Early Twentieth Century Secret Santa

The tradition of Secret Santa developed and evolved even more in the beginning of twentieth century. With industrialization and development of the office environment, more and more groups and companies started partaking in the yearly act of anonymous kind gestures, which mostly included exchanging home baked goods such as cookies and various pastry. These gift exchanges were not limited to groups that engaged in them, lot of the early Secret Santa tradition was nothing but a generous anonymous gift towards someone who needed it without expecting a gift in return.

It was common in those days to give food, clothes or shelter to those who needed it most, as well as randomly placing baskets of food at the doorsteps of families experiencing hardship. There have been numerous wealthy businessmen who would engage in random acts of kindness one of which was a man named Larry Dean Stewart, also known as Kansas City’s Secret Santa, who not only engaged in incredible feats of generosity, but also inspired others, wealthy or not, to do the same.

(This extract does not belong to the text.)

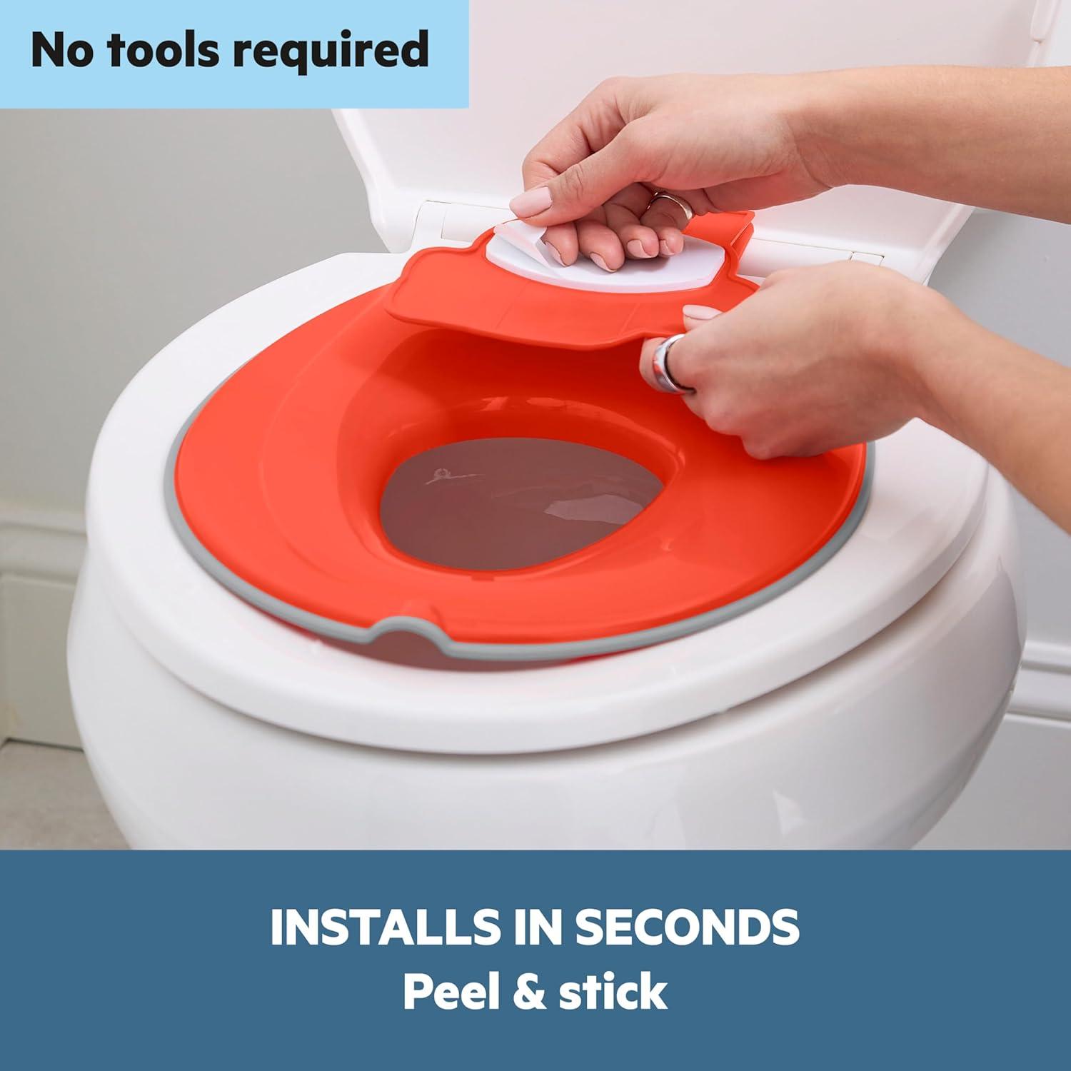 Fits most round, elongated, and D-shape toilets; avoid excess clutter in the bathroom with this potty training toilet, which takes up less space than a traditional toddler potty

Kansas City’s Secret Santa

Larry Dean Steward, a man with humble beginnings had been down on his luck when he had been fired twice in a row right before Christmas in 1978 and 1979. In 1971 he was given a free breakfast from Ted Horn, the owner at Dixie Diner in Houston, Mississippi which inspired Stewart’s personal tradition of impromptu acts of selfless giving. As he sat in the drive through, saddened by the news of being fired, he noticed that a carhop, a waitress that was bringing food to his car was not dressed warm enough for the weather. He took and gave her a 20 dollar bill and told her to keep it. Waitresses lips started trembling as she said: “Sir, you do not know what this means to me”. This was the beginning of many great Secret Santa deeds by Larry that were to follow.

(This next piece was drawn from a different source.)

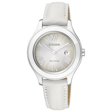 Movimento Eco Drive (a carica luce infinita), con riserva di carica di 240 giorni - Cassa in acciaio, cinturino in morbida pelle, quadrante in metallo - WR 5 bar - Diametro cassa 31 mm.
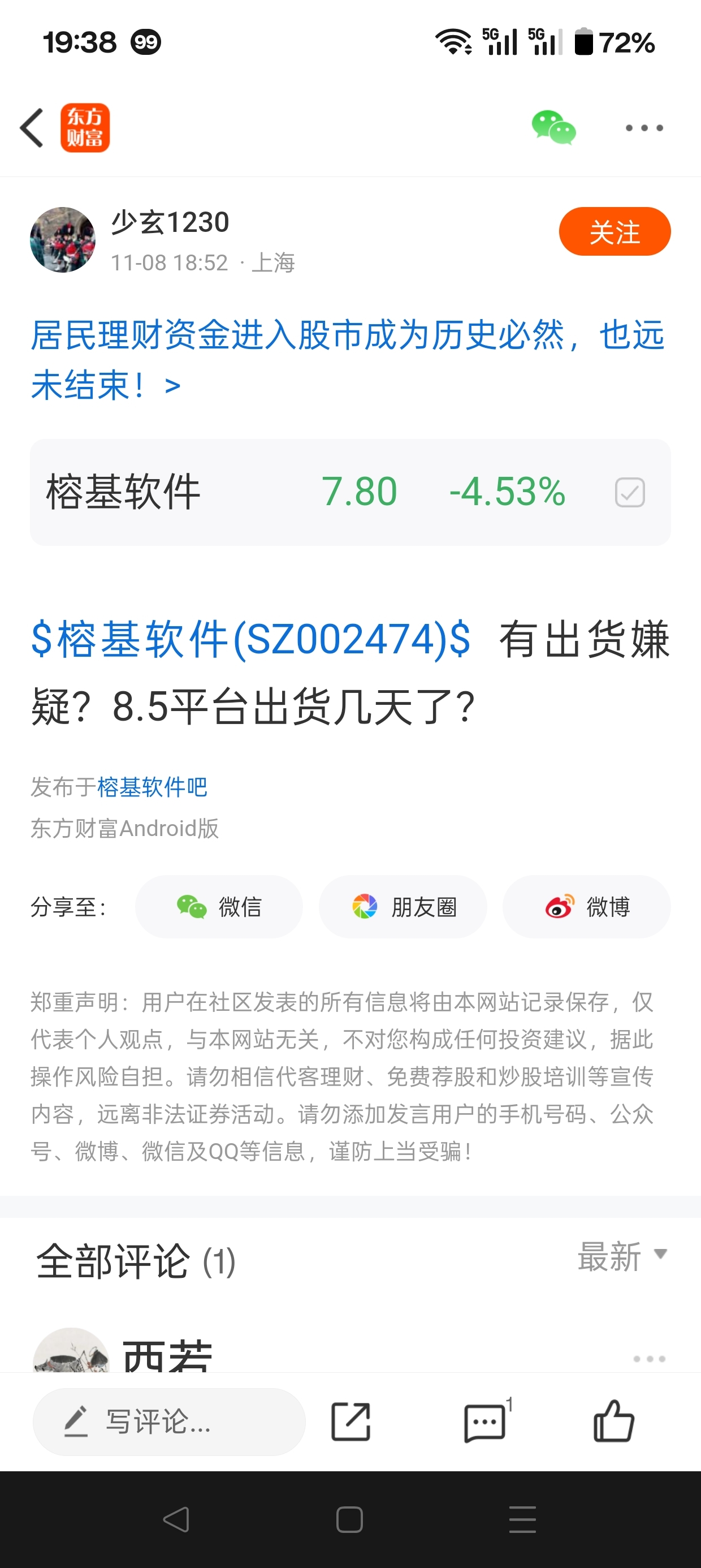 $榕基软件(SZ002474)$ 股吧有点幽默呢,看到好些人说庄家8.5平台出货了,好几天差不多出货完毕了。我就想问问你呢,如果你在8.50把榕基软件都卖光了。现在7.80,你会干嘛?继续打压股价?你都卖光了拿什么打压?庄家也是人,和你我都一样,卖出了股票总觉得股价会突然上涨,买了股票就感觉股价随时要跌。8.50出货了,现价7.80,你说庄家不买回来还能等什么呢?

As Larry made a fortune in cable television and long distance calling business, he amassed a fortune many would dream about. His success paired by desire to help people anonymously strengthened and increased number of his Secret Santa endeavors, inspired other wealthy and successful people and earned him a nickname of Kansas City’s Secret Santa.

We encourage you to participate in this year’s Secret Santa gift exchange and even organize one for your group of friends or family party. It’s a great way to embrace holiday spirit and have a great jolly old time!